In 1982, he studied metallurgy in Germany.

Career background
Tendayi Gahamadze was a member of a school choir and learned to play instruments when he was in the UK. He was fascinated by the sound of Mbira but did not expect to play the instrument. Whilst in Germany at a seminar in Essen, he and his fellow Zimbabwean students had no option but to sing Ishe Komborera Africa in contrast with the Congolese and Latin American students who played their Rhumba and Salsa music respectively. On returning to Zimbabwe, he was told that it had been prophesied that he would be a prominent mbira player. Being 30, he brushed it aside and wondered how he would learn to play this instrument. A year later, he found himself under the mentorship of spiritual leader Choshata of the Mhara Mbuya Chikonamombe totem. He spent a year living with Albert and Benjamin Gobvu who were respected mbira players in Mhondoro. They assisted in the tuning of the mbiras but never attempted to play since it seemed far beyond his capabilities, according to Gahamadze. Choshata recommended that Tendayi buy his own Mbira, which he did. 

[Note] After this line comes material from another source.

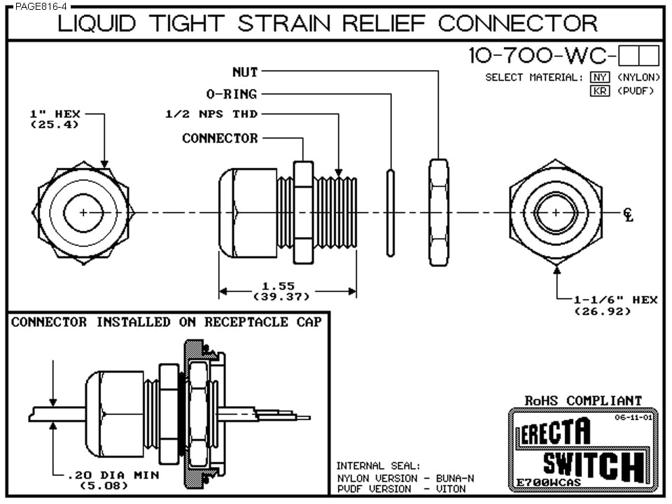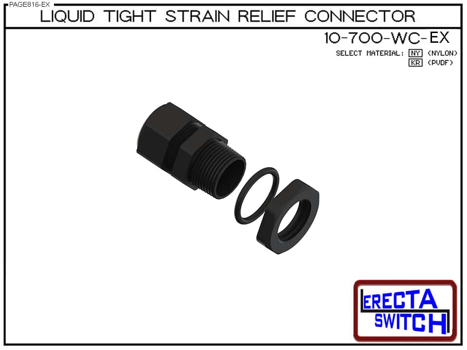 10-700-WC ½” Male Liquid Tight Strain Relief Connector features 1/2” NPT male threads with jam nut and o ring. This useful connector is often used with ERECTA SWITCH wiring enclosures to provide liquid tight relief from strain from vibration, pulling or tugging.
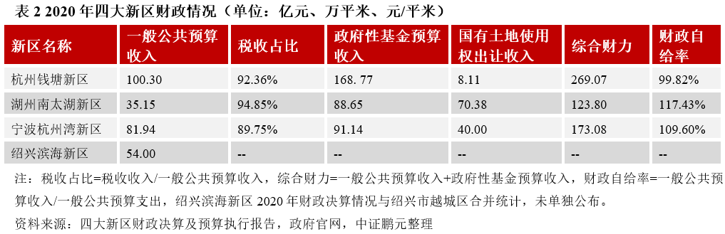 從可獲得數(shù)據(jù)來看,2020年杭州錢塘新區(qū)、寧波杭州灣新區(qū)一般公共預(yù)算收入規(guī)模較高,而紹興濱海新區(qū)(54.0億元)與湖州南太湖新區(qū)(31.5億元)整體收入規(guī)模偏?。毁|(zhì)量方面,杭州錢塘新區(qū)與杭州錢塘新區(qū)、湖州南太湖新區(qū)稅收占比均在90%左右,一般公共預(yù)算收入質(zhì)量較高。2020 年錢塘新區(qū)政府性基金預(yù)算收入規(guī)模較高,湖州南太湖新區(qū)國有土地使用權(quán)出讓收入占比為79.39%,土地財政依賴度較高。財政收支方面,杭州錢塘新區(qū)、寧波前灣新區(qū)與湖州南太湖新區(qū)2020年財政自給率分別為99.82%、109.60%和117.43%,收支平衡性較強。

With this Mbira, he went to another Mbira manufacturer, Seke, who made two more mbiras of the same tuning for him. He left Choshata's shrine for Norton where his family was. He had in possession a set of three mbiras which he could not play. It happened overnight, as it were, that he started playing the mbira without being directed by anyone. He started teaming up with different mbira players and performing with them at cultural ceremonies and gatherings. Magwimbe Mlambo and Wilfred Mafrika were with him in the beginning. Having had some guitar band experience with college bands during his time at university, Tendayi went on to buy guitar pick-ups and started manufacturing his own mbiras and electrifying them. He formed the group Mbira dzeNharira which had its first recording, Rine Manyanga Hariputirwe, in 1998, which immediately topped the charts. 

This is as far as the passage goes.